## Work task
Transcribe the lines below exactly, beginning with the line that holds "The left-hand edge" and ending with the final line, both included. Pictures are to be left out.

## Given information
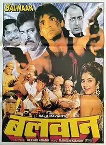 Balwaan (transl. Mighty) is a 1992 Indian Hindi-language action film directed by Deepak Anand and produced by Raju Mavani. The film stars Sunil Shetty in lead (his debut) role, with Divya Bharti, Tinu Anand, Danny Denzongpa in pivotal roles.[1][2]
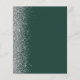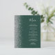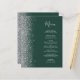 The left-hand edge of this elegant modern wedding menu features a silver faux glitter border. The customisable text combines silver grey handwriting script and copperplate fonts on a dark emerald green background. The reverse side features a matching green and silver design.
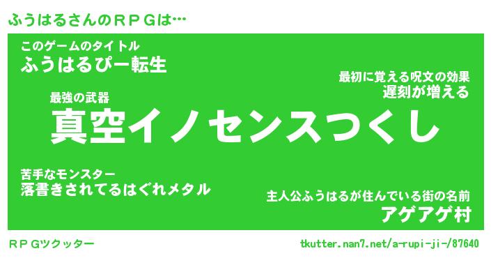 | ファンタジー風あだ名 | 『フウフェル』『エターナルフウハルー』 |

## Written response
 The left-hand edge of this elegant modern wedding menu features a silver faux glitter border. The customisable text combines silver grey handwriting script and copperplate fonts on a dark emerald green background. The reverse side features a matching green and silver design.
 | ファンタジー風あだ名 | 『フウフェル』『エターナルフウハルー』 |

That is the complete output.